Material for the task -
————————

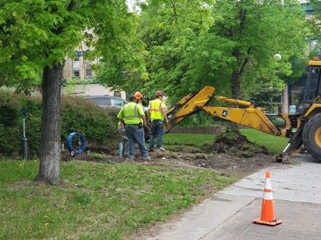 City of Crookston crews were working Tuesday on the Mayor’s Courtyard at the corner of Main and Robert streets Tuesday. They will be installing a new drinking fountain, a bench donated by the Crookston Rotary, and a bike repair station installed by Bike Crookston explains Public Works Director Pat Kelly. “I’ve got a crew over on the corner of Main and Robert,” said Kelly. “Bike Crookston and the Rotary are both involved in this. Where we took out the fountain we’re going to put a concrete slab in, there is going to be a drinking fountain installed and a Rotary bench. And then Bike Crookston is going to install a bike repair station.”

————————

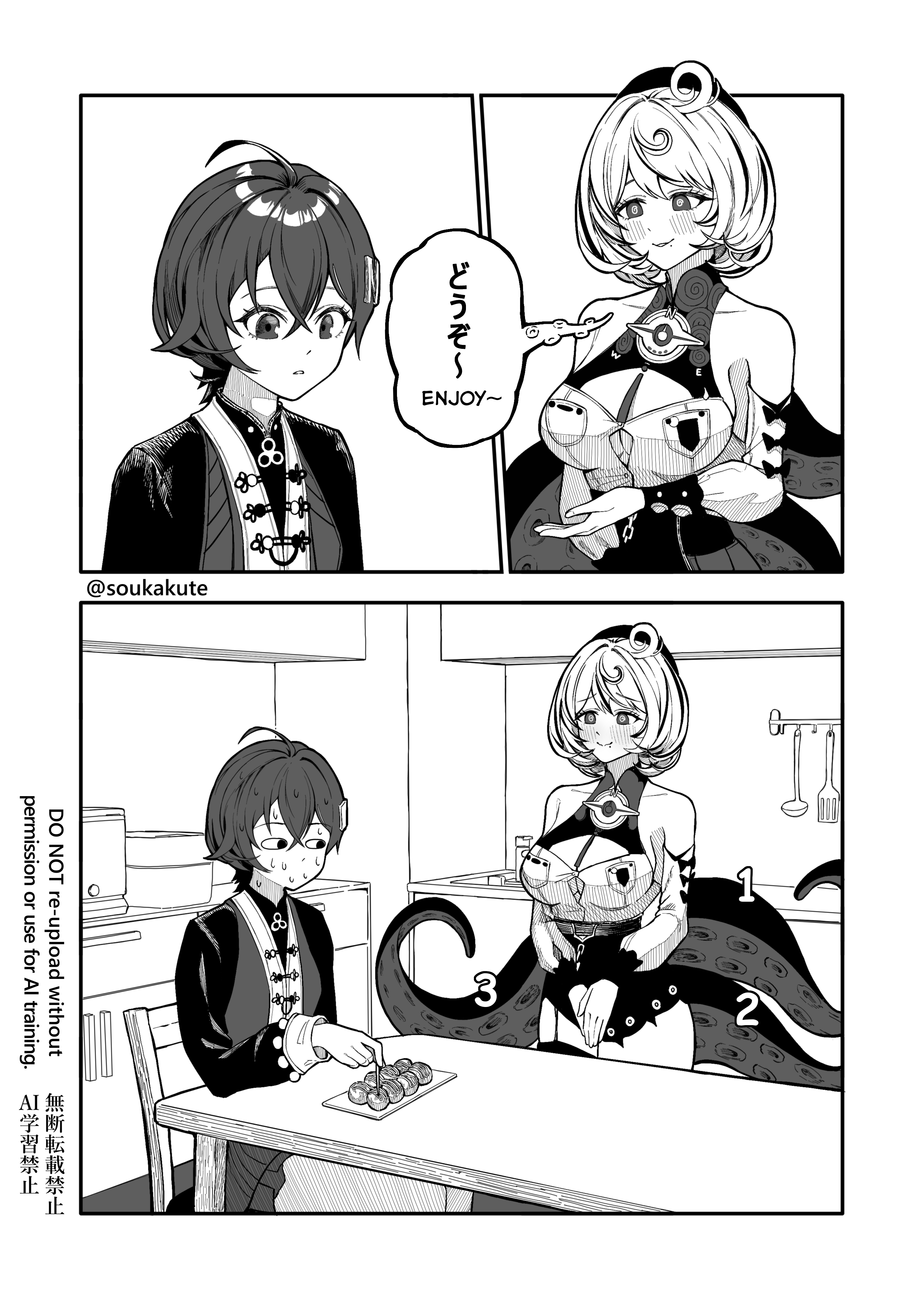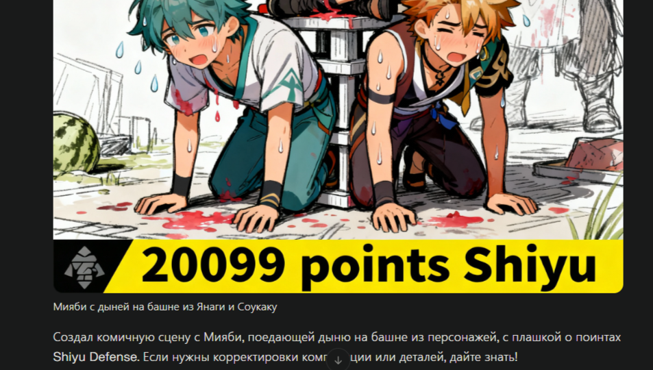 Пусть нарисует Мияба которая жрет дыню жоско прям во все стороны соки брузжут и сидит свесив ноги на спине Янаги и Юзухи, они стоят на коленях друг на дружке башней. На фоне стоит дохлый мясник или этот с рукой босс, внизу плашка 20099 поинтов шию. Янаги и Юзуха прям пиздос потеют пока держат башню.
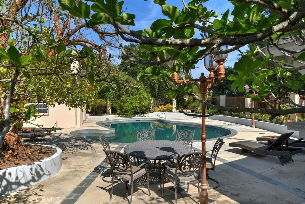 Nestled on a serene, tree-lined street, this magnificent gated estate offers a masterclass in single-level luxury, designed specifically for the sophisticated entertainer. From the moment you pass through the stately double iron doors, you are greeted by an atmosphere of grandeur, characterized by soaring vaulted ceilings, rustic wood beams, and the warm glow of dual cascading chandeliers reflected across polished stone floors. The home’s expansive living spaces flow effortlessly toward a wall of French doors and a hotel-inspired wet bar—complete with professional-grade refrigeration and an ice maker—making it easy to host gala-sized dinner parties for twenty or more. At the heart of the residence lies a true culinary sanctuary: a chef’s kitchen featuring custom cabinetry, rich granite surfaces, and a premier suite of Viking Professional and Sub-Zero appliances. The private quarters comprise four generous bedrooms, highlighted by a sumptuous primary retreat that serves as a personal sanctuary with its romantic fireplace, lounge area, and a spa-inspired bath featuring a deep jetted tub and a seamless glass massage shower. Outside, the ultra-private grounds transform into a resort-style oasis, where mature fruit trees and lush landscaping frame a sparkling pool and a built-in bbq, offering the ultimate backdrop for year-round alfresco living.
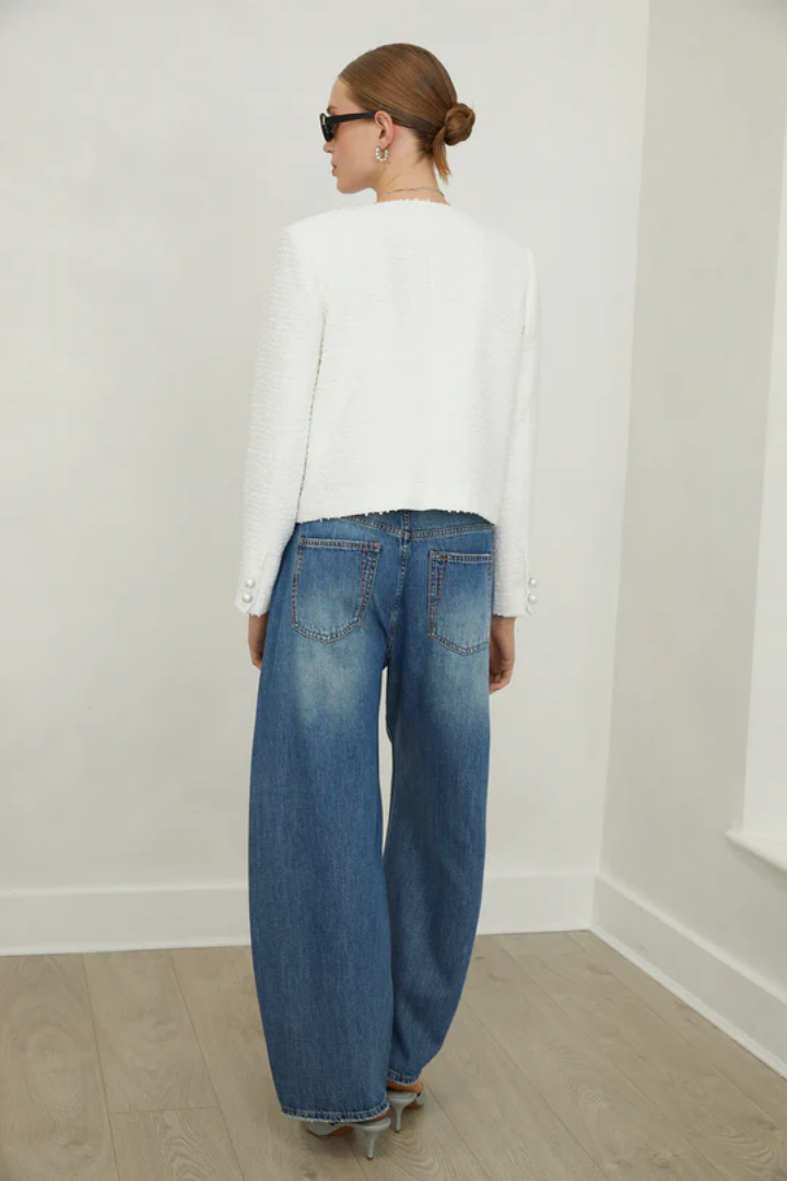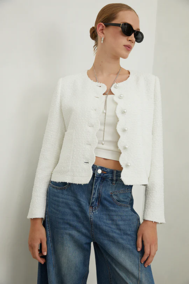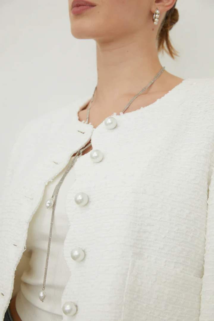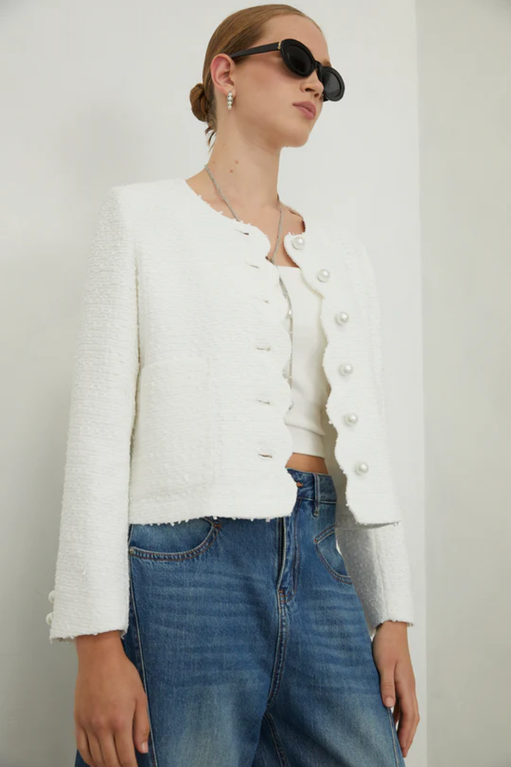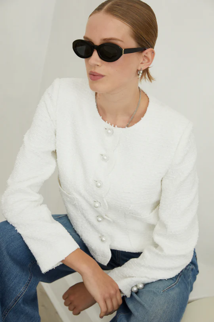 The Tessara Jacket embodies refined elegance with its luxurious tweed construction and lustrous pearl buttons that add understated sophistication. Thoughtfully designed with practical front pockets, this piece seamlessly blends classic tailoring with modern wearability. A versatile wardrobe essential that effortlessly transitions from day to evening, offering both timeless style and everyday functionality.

————————

What is being asked - Copy needed, without pictures: the lines of the listing above from the line containing "Пусть нарисует Мияба" up to and including the line containing "The Tessara Jacket", set down exactly.

Task result -
 Пусть нарисует Мияба которая жрет дыню жоско прям во все стороны соки брузжут и сидит свесив ноги на спине Янаги и Юзухи, они стоят на коленях друг на дружке башней. На фоне стоит дохлый мясник или этот с рукой босс, внизу плашка 20099 поинтов шию. Янаги и Юзуха прям пиздос потеют пока держат башню.
 Nestled on a serene, tree-lined street, this magnificent gated estate offers a masterclass in single-level luxury, designed specifically for the sophisticated entertainer. From the moment you pass through the stately double iron doors, you are greeted by an atmosphere of grandeur, characterized by soaring vaulted ceilings, rustic wood beams, and the warm glow of dual cascading chandeliers reflected across polished stone floors. The home’s expansive living spaces flow effortlessly toward a wall of French doors and a hotel-inspired wet bar—complete with professional-grade refrigeration and an ice maker—making it easy to host gala-sized dinner parties for twenty or more. At the heart of the residence lies a true culinary sanctuary: a chef’s kitchen featuring custom cabinetry, rich granite surfaces, and a premier suite of Viking Professional and Sub-Zero appliances. The private quarters comprise four generous bedrooms, highlighted by a sumptuous primary retreat that serves as a personal sanctuary with its romantic fireplace, lounge area, and a spa-inspired bath featuring a deep jetted tub and a seamless glass massage shower. Outside, the ultra-private grounds transform into a resort-style oasis, where mature fruit trees and lush landscaping frame a sparkling pool and a built-in bbq, offering the ultimate backdrop for year-round alfresco living.
 The Tessara Jacket embodies refined elegance with its luxurious tweed construction and lustrous pearl buttons that add understated sophistication. Thoughtfully designed with practical front pockets, this piece seamlessly blends classic tailoring with modern wearability. A versatile wardrobe essential that effortlessly transitions from day to evening, offering both timeless style and everyday functionality.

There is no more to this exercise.